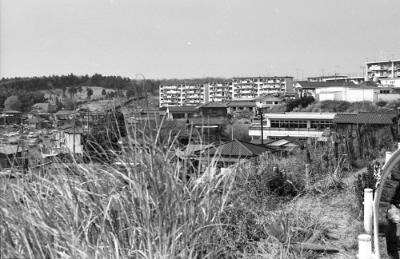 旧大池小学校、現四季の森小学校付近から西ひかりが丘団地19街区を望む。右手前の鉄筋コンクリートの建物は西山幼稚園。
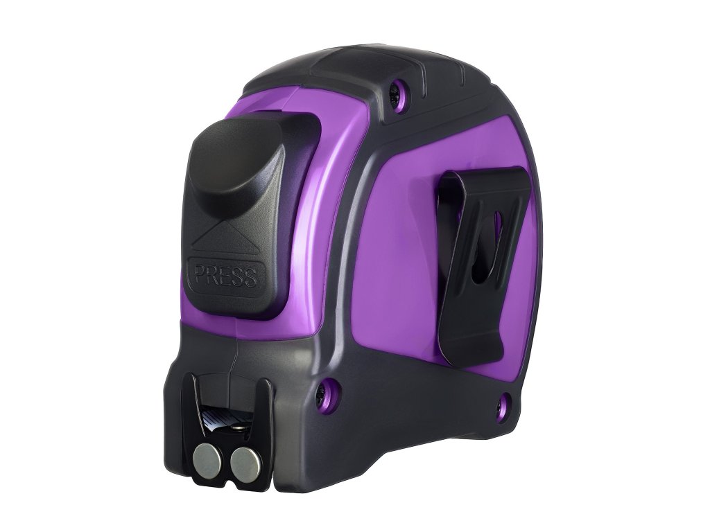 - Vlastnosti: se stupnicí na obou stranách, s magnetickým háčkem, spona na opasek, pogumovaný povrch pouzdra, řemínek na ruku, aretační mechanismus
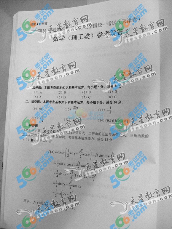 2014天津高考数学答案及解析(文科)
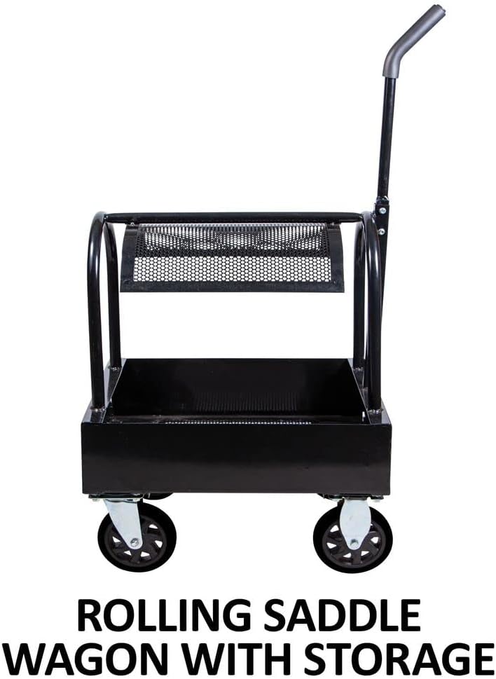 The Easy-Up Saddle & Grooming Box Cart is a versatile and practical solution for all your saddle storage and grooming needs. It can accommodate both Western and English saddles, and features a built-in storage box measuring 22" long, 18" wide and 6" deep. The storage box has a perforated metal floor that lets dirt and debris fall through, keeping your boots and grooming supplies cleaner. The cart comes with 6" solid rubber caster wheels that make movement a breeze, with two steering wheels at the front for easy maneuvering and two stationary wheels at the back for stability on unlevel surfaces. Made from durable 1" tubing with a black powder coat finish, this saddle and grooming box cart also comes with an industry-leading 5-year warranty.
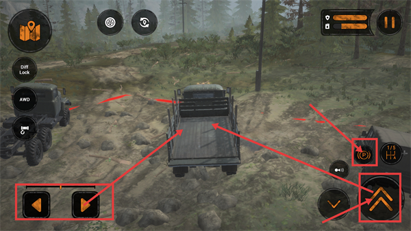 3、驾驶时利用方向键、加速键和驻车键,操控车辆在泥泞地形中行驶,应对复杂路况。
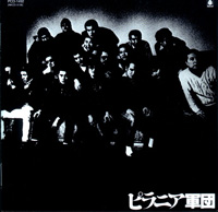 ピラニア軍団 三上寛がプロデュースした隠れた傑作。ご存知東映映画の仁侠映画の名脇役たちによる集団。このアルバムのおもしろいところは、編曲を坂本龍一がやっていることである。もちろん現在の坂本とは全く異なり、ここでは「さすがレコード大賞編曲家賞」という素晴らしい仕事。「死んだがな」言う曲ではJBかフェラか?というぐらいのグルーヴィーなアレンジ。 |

##########

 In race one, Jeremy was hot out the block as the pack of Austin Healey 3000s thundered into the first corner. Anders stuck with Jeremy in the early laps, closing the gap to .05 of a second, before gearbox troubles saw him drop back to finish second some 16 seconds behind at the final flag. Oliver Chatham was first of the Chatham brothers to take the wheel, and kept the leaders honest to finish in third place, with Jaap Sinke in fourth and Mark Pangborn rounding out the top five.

##########

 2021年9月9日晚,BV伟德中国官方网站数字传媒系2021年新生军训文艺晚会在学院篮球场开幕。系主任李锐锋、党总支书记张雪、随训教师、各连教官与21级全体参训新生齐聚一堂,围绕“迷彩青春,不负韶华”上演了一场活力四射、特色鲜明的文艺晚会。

##########

= What the exercise asks =
From the listing above, repeat only the lines between the line containing "旧大池小学校、現四季の森小学" and the line containing "2014天津高考数学答案及解析(文科)", those two included. Pictures are not part of the copy.

= Written response =
 旧大池小学校、現四季の森小学校付近から西ひかりが丘団地19街区を望む。右手前の鉄筋コンクリートの建物は西山幼稚園。
 - Vlastnosti: se stupnicí na obou stranách, s magnetickým háčkem, spona na opasek, pogumovaný povrch pouzdra, řemínek na ruku, aretační mechanismus
 2014天津高考数学答案及解析(文科)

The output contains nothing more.